> Goal of the exercise:
Your answer must be an exact copy of the data below, minus any pictures.

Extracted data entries

--------------------------------------------------

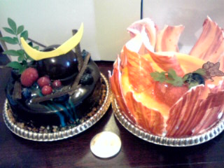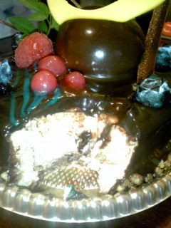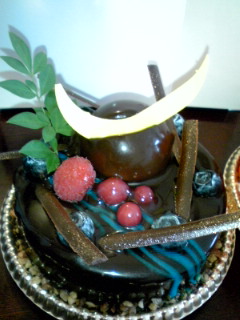 ちょっと光ってわかり辛いかもしれませんが、政宗さまのケーキの土台はほんのりブルーベリーの味がするチョコレートムースでした。コーティングされているチョコもまろやかで、結構甘いはずなのにパクパクいけちゃいました。丸く盛り上がっている政宗さまの兜部分はクリームの塊でした。 めっちゃ美味しかったです!! |
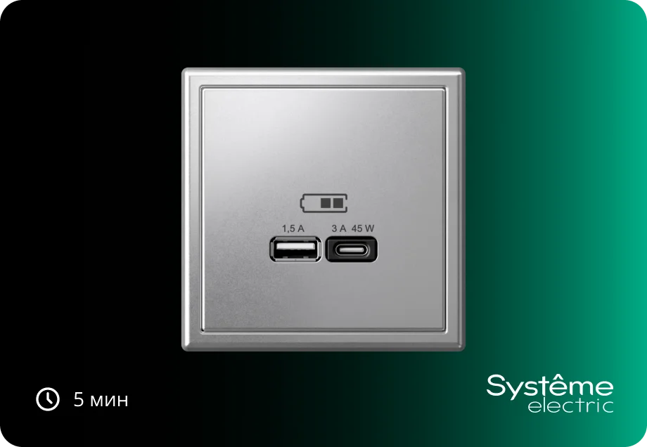 - Power Delivery (PD). Предназначен для быстрой зарядки устройств с разъемом Type-C и выдает до 60 Вт мощности. Такая технология синхронизирует уровень напряжения и заряда батареи для продления срока службы портативного аккумулятора гаджета. PD широко распространена в продукции Apple. В розетках Systeme Electric используется PD 3.0 with PPS с гибким режимом зарядки благодаря настройке дискретного уровня заданного напряжения с минимальным шагом.
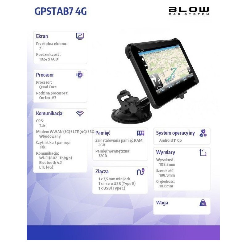 Nawigacja GPS Blow GPSTAB7 7" 32 GB 4G Czarny (79-056)
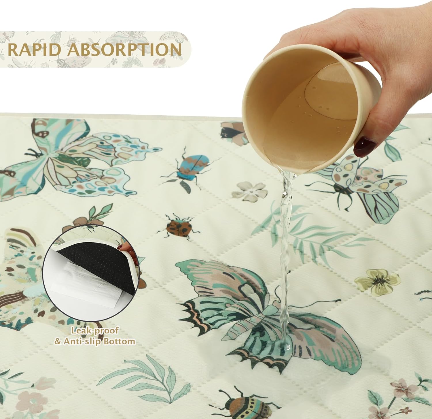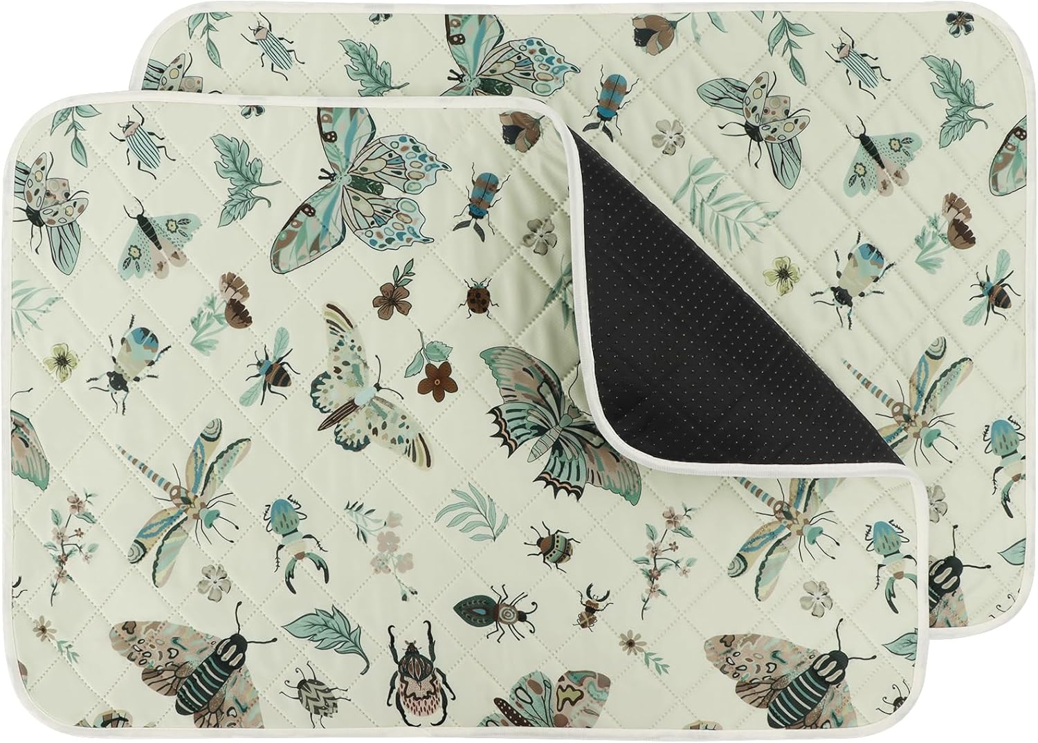 IEUUMLER Washable Pee Pads for Dogs, 2 Pack Insect Pattern Reusable Waterproof Puppy Potty Pads, Non-Slip Absorbent Pet Training Pads for Playpen Crate Bed EU014
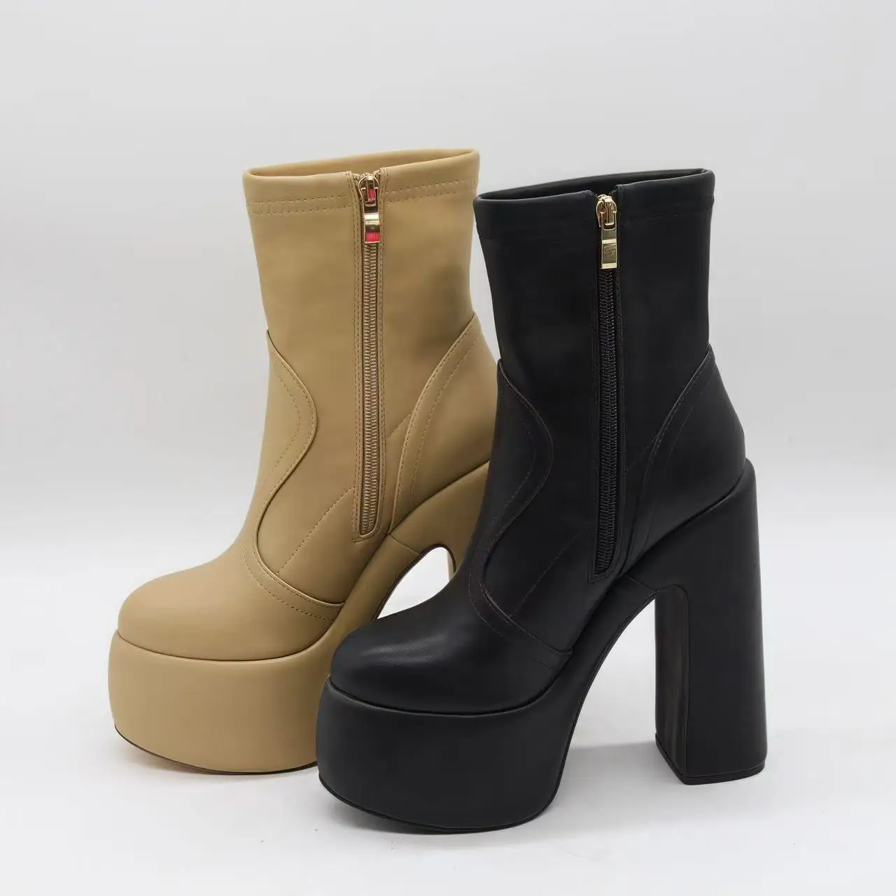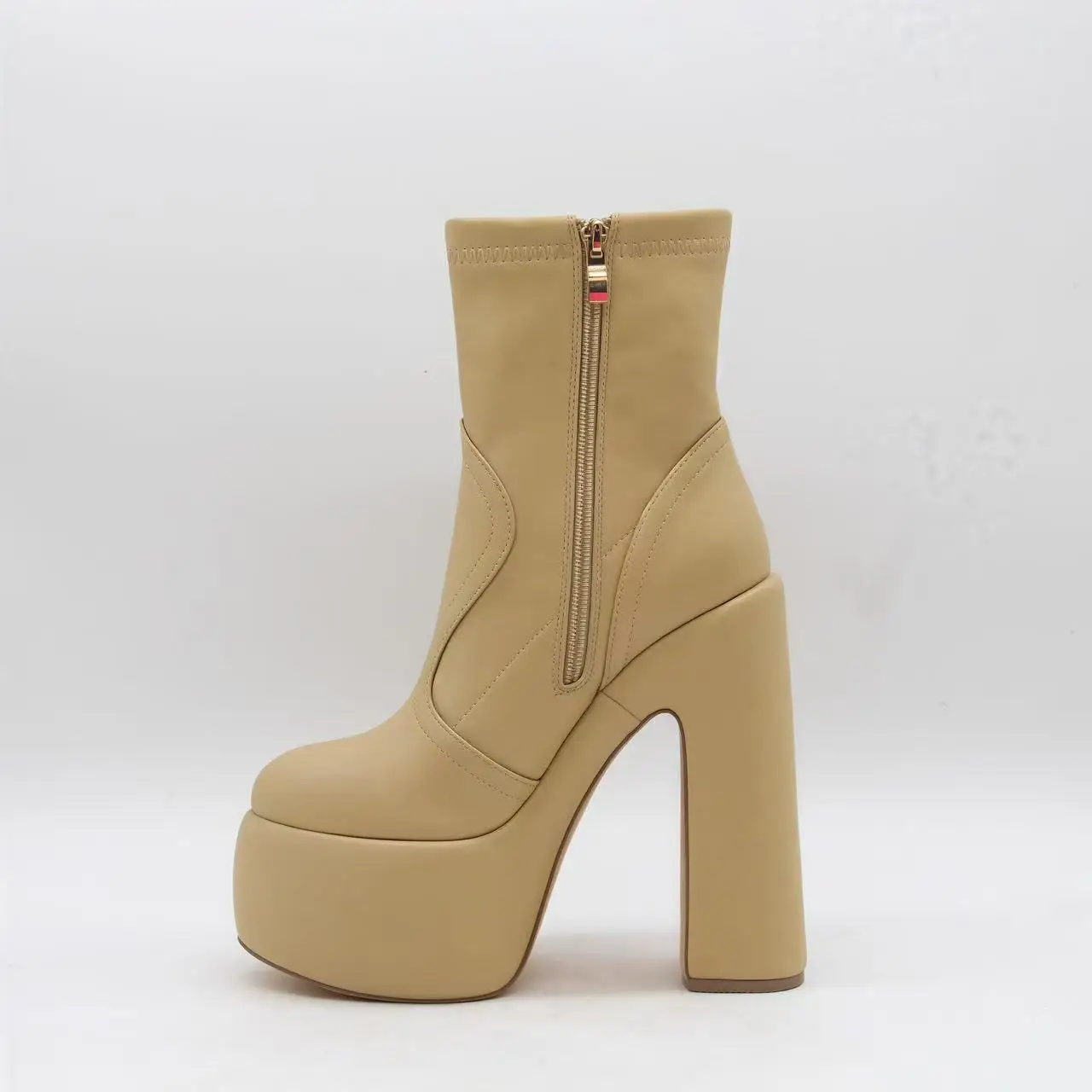 BUSY GIRL HQ1101 Women's Ankle Boots Solid Color Round Toe Boots for Women Chunky Heel Super High Platform Ankle Boots Winter
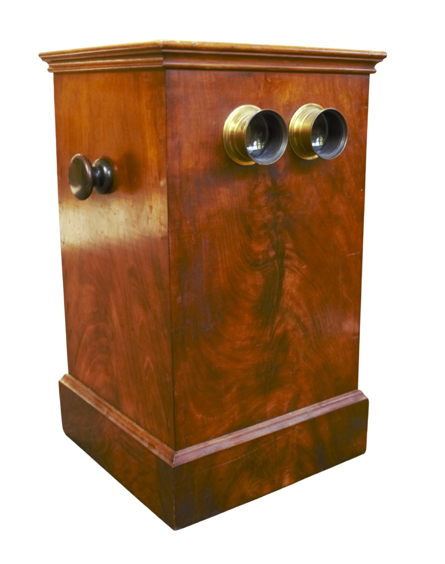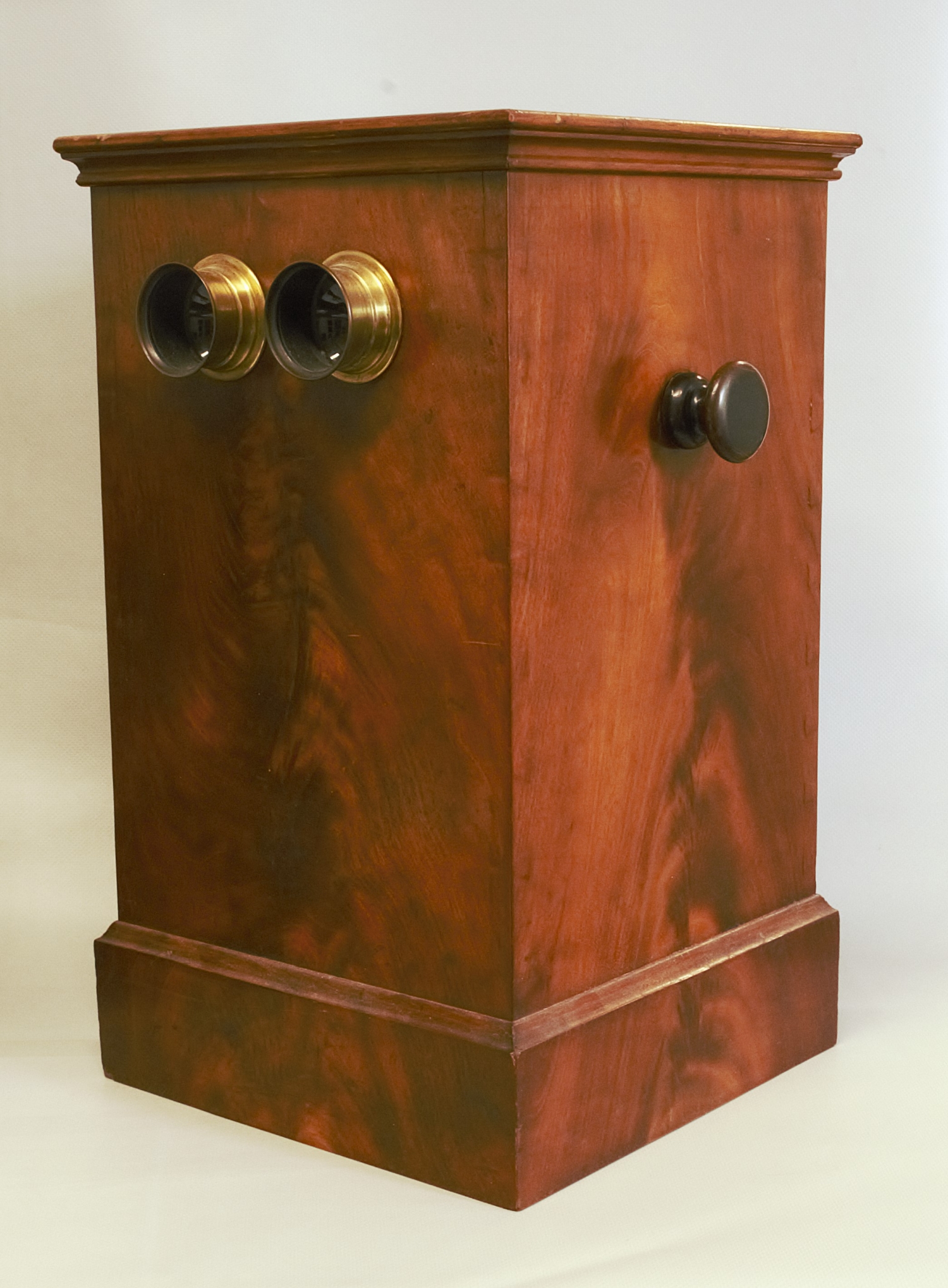 Edler Tisch-Stereobetrachter in kastenförmigem Gehäuse aus dunkel gebeiztem Nussbaumholz. Die Vorderseite ist mit zwei Okularen in Metallfassungen ausgestattet, durch die stereoskopische Glasdiapositive betrachtet werden können.
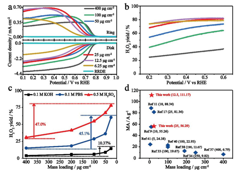 2產(chǎn)量依賴于電解質(zhì)的pH值和催化劑負(fù)載。在催化劑負(fù)載量低的酸性介質(zhì)中,CB@Co-N-C 表現(xiàn)出優(yōu)異的質(zhì)量活性和對 H
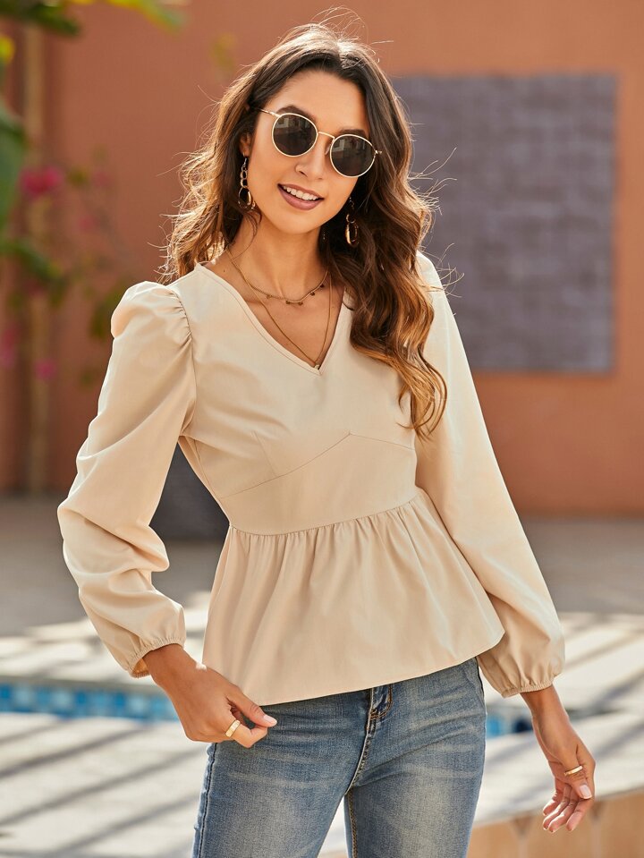 لباس علوي مطوي الثنايا بسستة خلفي باكمام فانوس

--------------------------------------------------

> Reply to the exercise:
 ちょっと光ってわかり辛いかもしれませんが、政宗さまのケーキの土台はほんのりブルーベリーの味がするチョコレートムースでした。コーティングされているチョコもまろやかで、結構甘いはずなのにパクパクいけちゃいました。丸く盛り上がっている政宗さまの兜部分はクリームの塊でした。 めっちゃ美味しかったです!! |
 - Power Delivery (PD). Предназначен для быстрой зарядки устройств с разъемом Type-C и выдает до 60 Вт мощности. Такая технология синхронизирует уровень напряжения и заряда батареи для продления срока службы портативного аккумулятора гаджета. PD широко распространена в продукции Apple. В розетках Systeme Electric используется PD 3.0 with PPS с гибким режимом зарядки благодаря настройке дискретного уровня заданного напряжения с минимальным шагом.
 Nawigacja GPS Blow GPSTAB7 7" 32 GB 4G Czarny (79-056)
 IEUUMLER Washable Pee Pads for Dogs, 2 Pack Insect Pattern Reusable Waterproof Puppy Potty Pads, Non-Slip Absorbent Pet Training Pads for Playpen Crate Bed EU014
 BUSY GIRL HQ1101 Women's Ankle Boots Solid Color Round Toe Boots for Women Chunky Heel Super High Platform Ankle Boots Winter
 Edler Tisch-Stereobetrachter in kastenförmigem Gehäuse aus dunkel gebeiztem Nussbaumholz. Die Vorderseite ist mit zwei Okularen in Metallfassungen ausgestattet, durch die stereoskopische Glasdiapositive betrachtet werden können.
 2產(chǎn)量依賴于電解質(zhì)的pH值和催化劑負(fù)載。在催化劑負(fù)載量低的酸性介質(zhì)中,CB@Co-N-C 表現(xiàn)出優(yōu)異的質(zhì)量活性和對 H
 لباس علوي مطوي الثنايا بسستة خلفي باكمام فانوس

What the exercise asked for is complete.